Author Identification using Deep Learning Approach

Sutradhar, Shimul

DSpace Home
→
Faculty of Science and Information Technology
→
Department of Computer Science and Engineering
→
M.SC. in CSE
→
Thesis
→
View Item

Author Identification using Deep Learning Approach

Sutradhar, Shimul

URI: http://dspace.daffodilvarsity.edu.bd:8080/handle/123456789/16685

Date: 2025-05-23

Abstract:

self-administered questionnaires and clinical diagnostics, and both are subjective and time- consuming. In this work, we use machine learning to predict depression based on a dataset from In an age dominated by digital communication and the fast expansion of textual information, the job of authorship attribution-- identifying the real author of a given piece of composing-- has gotten considerable significance across domains such as digital forensics, cybersecurity, scholastic stability, and literary analysis.

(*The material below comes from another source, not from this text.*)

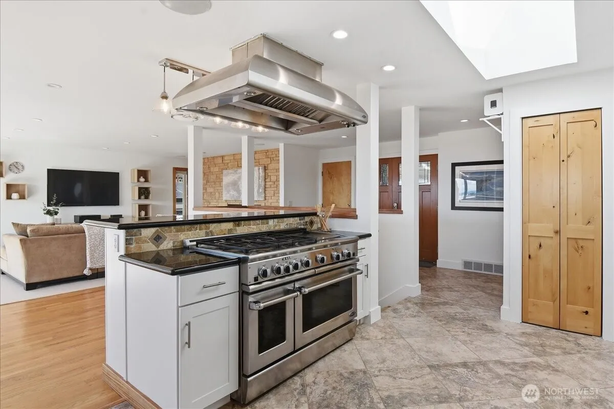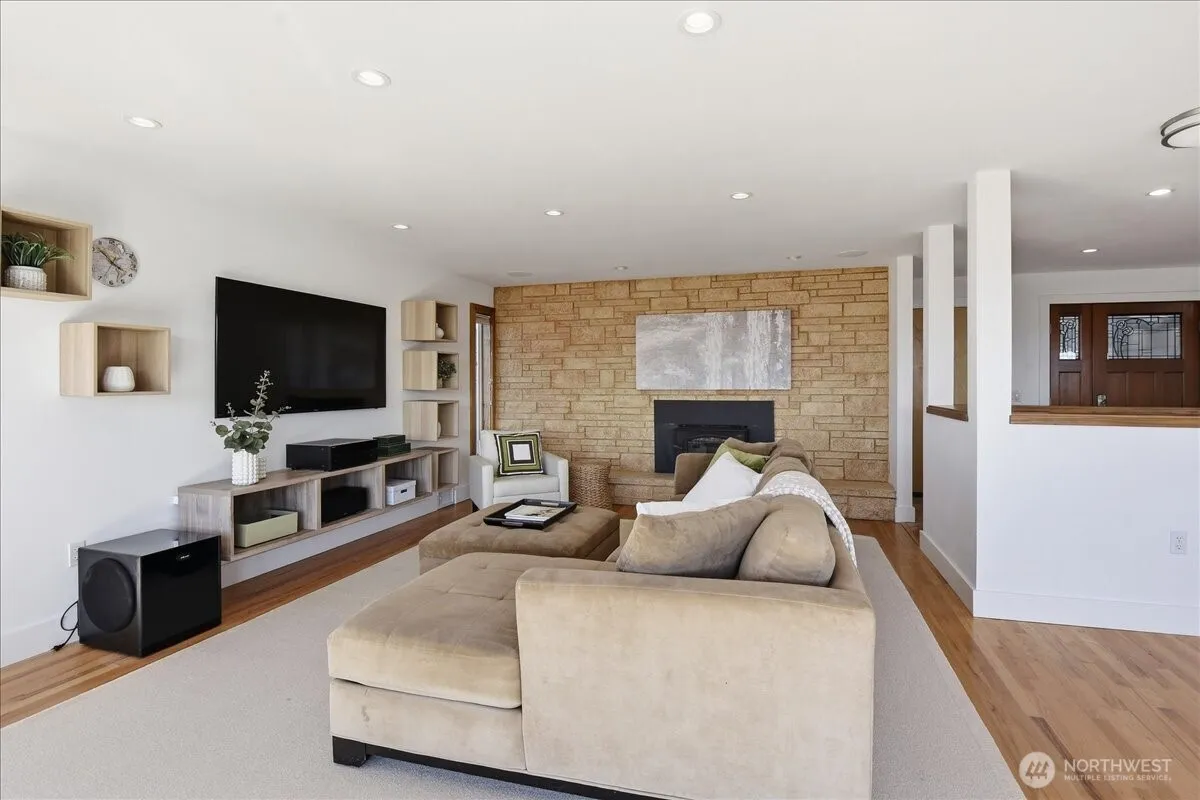 Stunning Sound View home in Edmonds Bowl. Remodeled & updated throughout, new TPO roof 2025, fresh paint in/out. Full view 18′ nana wall (imported from Germany) in living room, hardwood floors in living, dining & underneath carpet in main floor bedrooms. All electrical (replaced with 12 gauge), all new plumbing, furnace, lighting, fixtures, sound system, 2″x 6″ walls, new siding & trim, insulated foundation, entry gates, driveway, windows, along with custom finished African mahogany interior trim. There is a list in the house with more info.

Traditional approaches relying on surface-level stylometric features and classical maker discovering algorithms have actually shown minimal scalability and versatility, specifically in multilingual or stylistically intricate scenarios. This research study addresses these constraints by proposing a robust, deep learning-based framework for author detection utilizing both English and Bangla texts. The study introduces a comparative evaluation of various deep knowing designs including Long Short-Term Memory (LSTM), Bidirectional LSTM with Attention (BiLSTM + Attention), and a hybrid Convolutional Neural Network combined with LSTM (CNN+LSTM). Most significantly, it includes modern transformer-based architectures such as BERT (bert-base-multilingual-cased) and XLM-RoBERTa, leveraging their powerful contextual embedding abilities to enhance authorship category precision. A by hand curated multilingual dataset including text samples from 6 diverse authors was utilized, with extensive preprocessing and stratified train-test splitting to ensure balanced and clean input. Speculative results demonstrate that the proposed bert- base-multilingual-cased model exceeded all other approaches, attaining an exceptional precision of 95.5% and best AUC ratings (1.00) for all authors. This work not just highlights the efficacy of transformer-based designs for author recognition but also offers a scalable and language-agnostic method applicable to real-world multilingual text classification tasks. The outcomes highly promote for the adoption of deep contextualized models in authorship attribution and unlock for future research study in cross-genre, low- resource, and adversarial text environments.